Composite Squadrons are and should be the focus of moving forward.  They are teams that benefit each other.  Meeting separately from the other group was never a motivation for composite Squadrons. 

I watched a video about the Army Reserve that was produced around 1954.  It looked like Reservists used to meet on night each week at the unit.  Does anyone know if this was in fact the norm back then?  If so, I can guess that is where the weekly CAP meeting got its start, following military reserve setup.

If you have a bunch of Seniors at a Composite Squadron not doing anything, that is the fault of the Deputy for Seniors and the Squadron Commander. 
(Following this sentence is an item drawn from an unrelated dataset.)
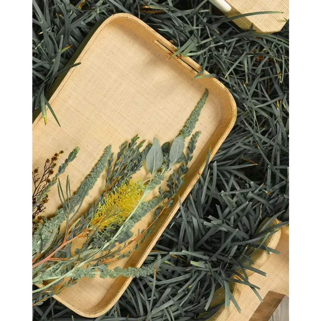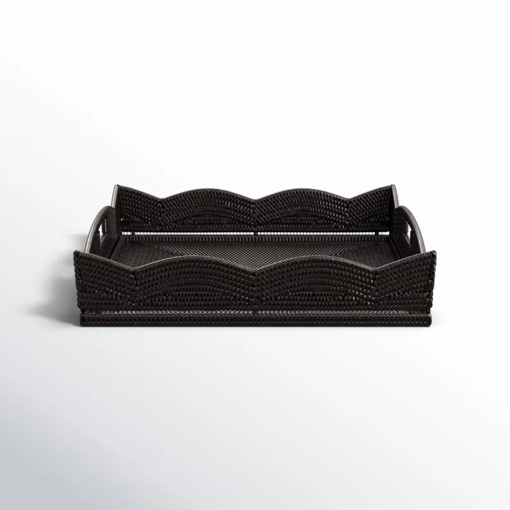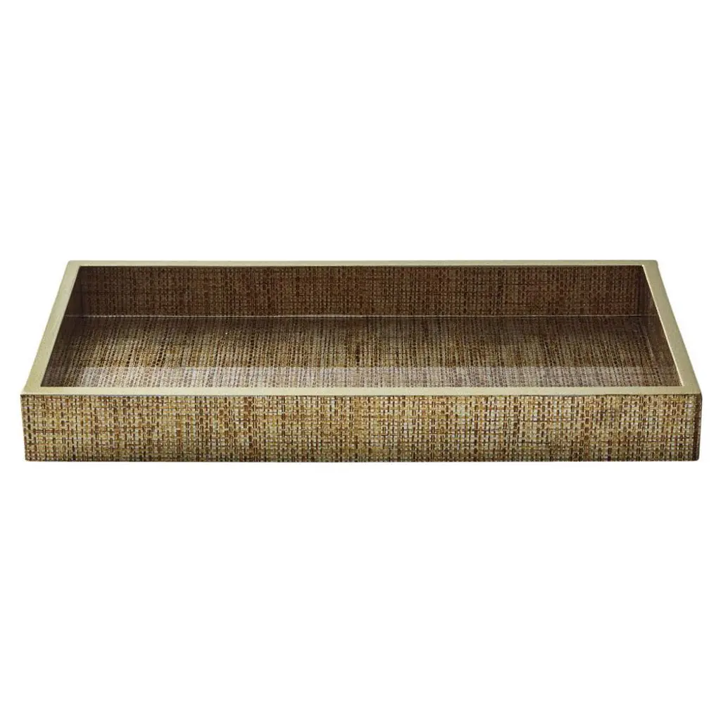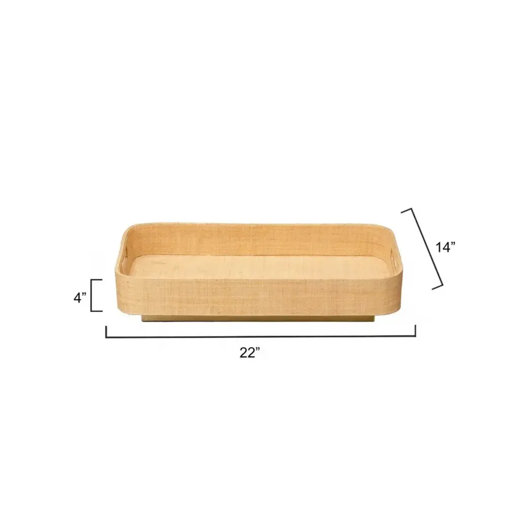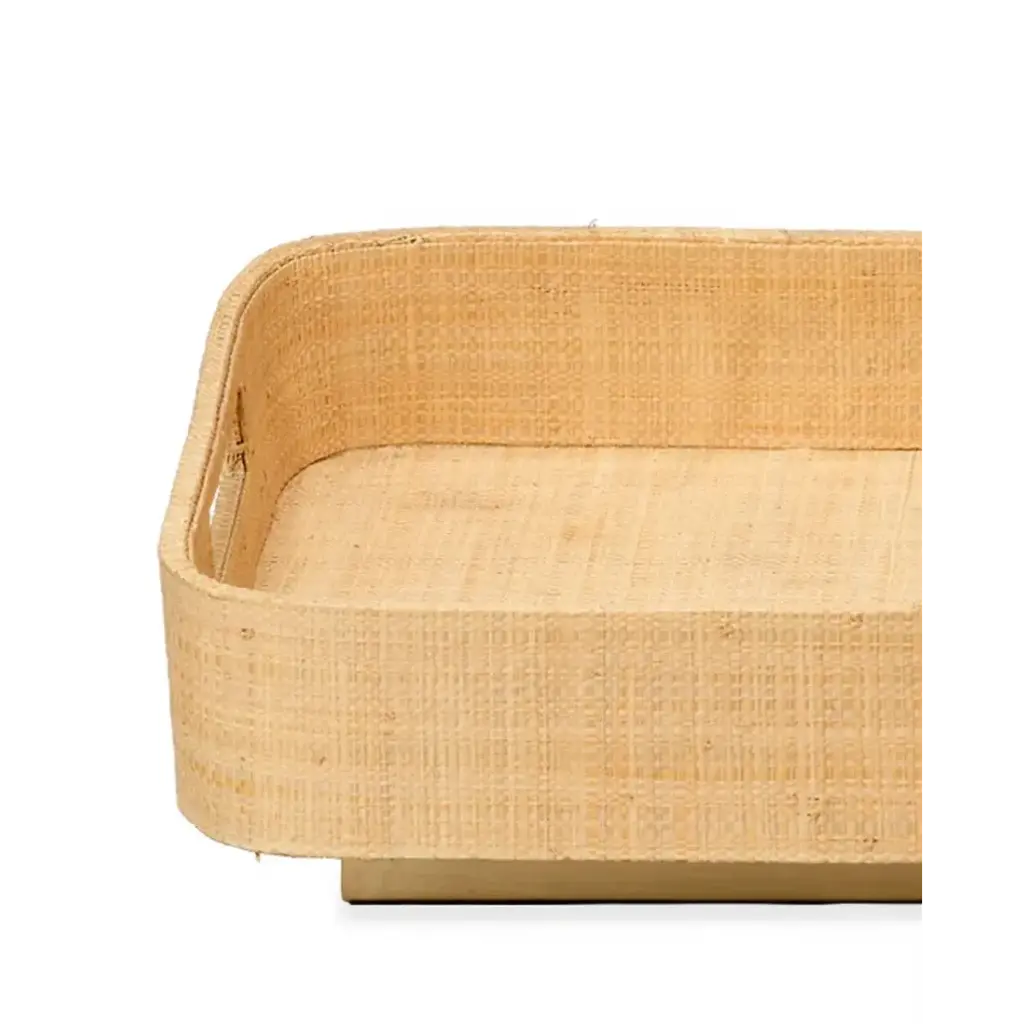 Casual yet cosmopolitan, the unexpected pairing of tropical raffia with clear cultivated lines distinguishes these decorative trays. Artisan crafted of natural palm fibers, the functional art objects can be used to display treasured collections, serve savory snacks, or to keep correspondence neatly piled on a home office desk.

For those that meet monthly or bimonthly, how many hours do you meet for??

Cecil DP

I watched a video about the Army Reserve that was produced around 1954.  It looked like Reservists used to meet on night each week at the unit.  Does anyone know if this was in fact the norm back then?  If so, I can guess that is where the weekly CAP meeting got its start, following military reserve setup.
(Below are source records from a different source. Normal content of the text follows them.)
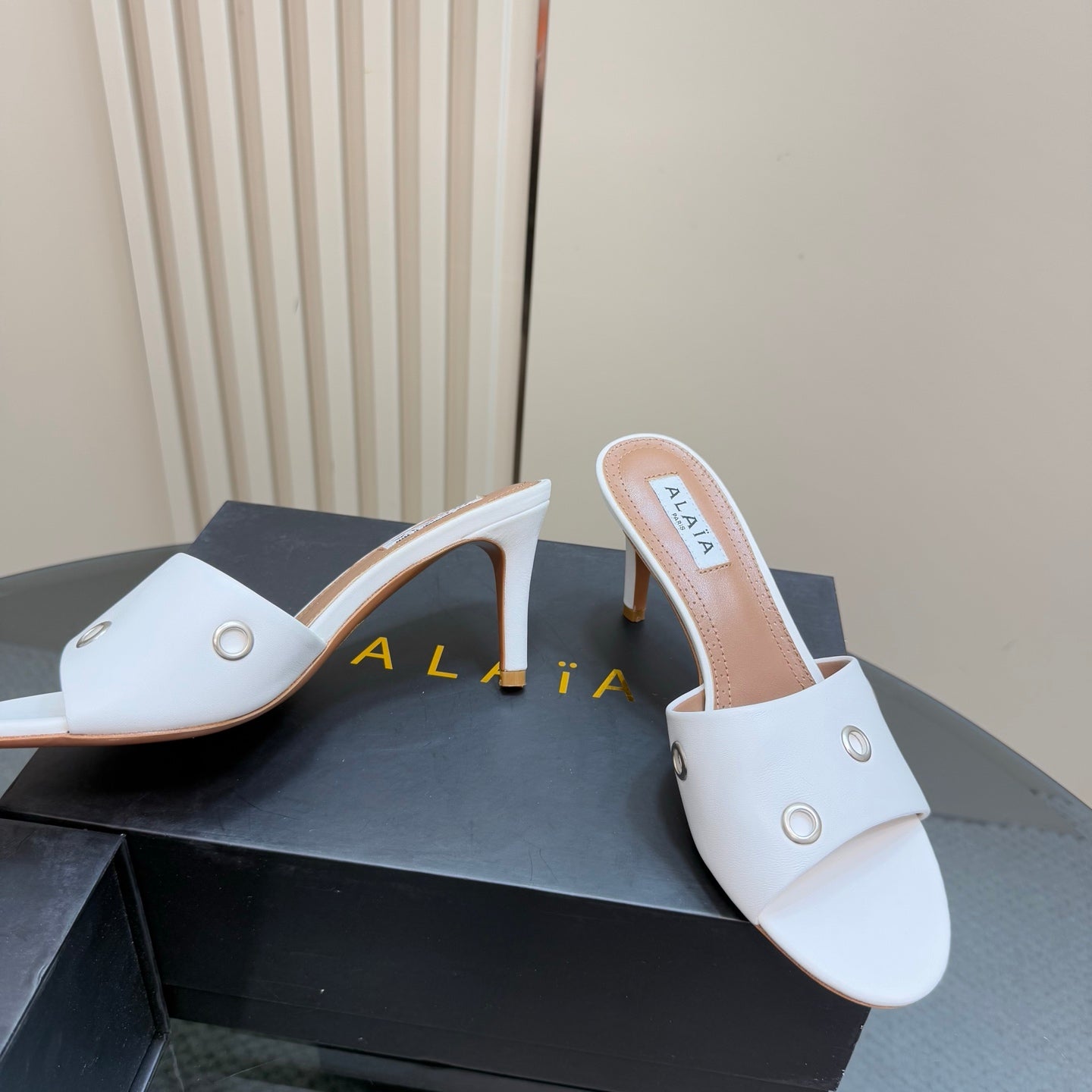 Alaia 2025 Oeillets Embellished Leather Sandals White Lambskin 299667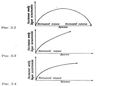 Сам Фридман рассматривал только одну модель, но можно указать три разные модели, для которых выполняются оба фундаментальных предположения Фридмана. В модели первого типа (открытой самим Фридманом) Вселенная расширяется достаточно медленно для того, чтобы в силу гравитационного притяжения между различными галактиками расширение Вселенной замедлялось и в конце концов прекращалось. После этого галактики начинают приближаться друг к другу, и Вселенная начинает сжиматься. На рис. 3.2 показано, как меняется со временем расстояние между двумя соседними галактиками. Оно возрастает от нуля до некоего максимума, а потом опять падает до нуля. В модели второго типа расширение Вселенной происходит так быстро, что гравитационное притяжение хоть и замедляет расширение, не может его остановить. На рис. 3.3 показано, как изменяется в этой модели расстояние между галактиками. Кривая выходит из нуля, а в конце концов галактики удаляются друг от друга с постоянной скоростыо. Есть, наконец, и модель третьего типа, в которой скорость расширения Вселенной только-только достаточна для того, чтобы избежать сжатия до нуля (коллапса). В этом случае расстояние между галактиками тоже сначала равно нулю (рис. 3.4), а потом все время возрастает. Правда, галактики "разбегаются" все с меньшей и меньшей скоростью, но она никогда не падает до нуля.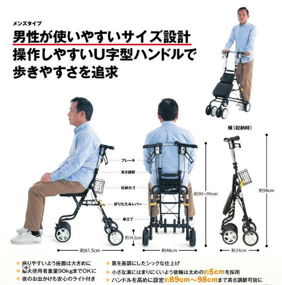 ・男性が使いやすいサイズ設計。U字ハンドルで歩きやすさを追求。

A lot of units met 4x a month. Until the 60's when it was determined that one weekend a month got more training accomplished and required less paperwork.
Michael P. McEleney
LtCol CAP
MSG  USA Retired
GRW#436 Feb 85

bosshawk

I can confirm that some Army Reserve units met once a week in the 50s.  I was in one from Sep 57 until Mar 59, in Brooklyn, NY and we met every Monday night.  Then, I went on AD and never was in a Reserve unit again.  That said, even in those days, the Army Guard had a one weekend per month schedule: guess that the Reserve adopted that schedule.
Paul M. Reed
Col, USA(ret)
Former CAP Lt Col
Wilson #2777

Gunner C

Does anyone know how the Iowa Wing monthly "drill" idea turned out?  Did it help or hurt?

RiverAux

It was the norm for National Guard units to meet weekly up until WWII at least.  Don't know when they started going to monthly. 

flyguy06

Quote from: Spike on February 19, 2010, 08:48:36 PM
My Composite Squadron is "integrated".  We all work together.  Just because you are not "Cadet Age", does not mean you will not benefit from the Cadet material and vice-versa.  When Cadets have to do SDA's does your respective Senior Member Officer come to a Cadet meeting to meet with the Cadet or does the cadet go to a Senior only meeting? 

Composite Squadrons are and should be the focus of moving forward.  They are teams that benefit each other.  Meeting separately from the other group was never a motivation for composite Squadrons. 

I watched a video about the Army Reserve that was produced around 1954.  It looked like Reservists used to meet on night each week at the unit.  Does anyone know if this was in fact the norm back then?  If so, I can guess that is where the weekly CAP meeting got its start, following military reserve setup.

If you have a bunch of Seniors at a Composite Squadron not doing anything, that is the fault of the Deputy for Seniors and the Squadron Commander. 

For those that meet monthly or bimonthly, how many hours do you meet for??

Are you suggesting haing cadets attend senior member meetings? We did this a long time ago and lost a lot of cadets. They were bored.

Spike

^ You can only see it as "senior meetings" or "cadet meetings" because you currently are a segregated unit. 

Safety is a meeting/ presentation/ activity both Cadets and Seniors MUST attend.  ORM, OPSEC etc.  If you are correctly running your Squadron, Cadets should be shadowing Senior counterparts to meet SDA requirements. 

There are times when Seniors will need to meet alone as a group, that is understood. 

Why can you not have your Cadet and Senior meetings in one location on the same night??

RiverAux

To answer the original question, I don't know that there are a lot of "exta fun" topics for senior meetings, but in my experience you get good results by having a well-planned training program given by someone with good teaching skills at each meeting.  If people think they are going to learn something by coming, they'll come.  If they think that all they're going to hear are some announcements, a stupid safety briefing, and maybe some paperwork, they're not coming back.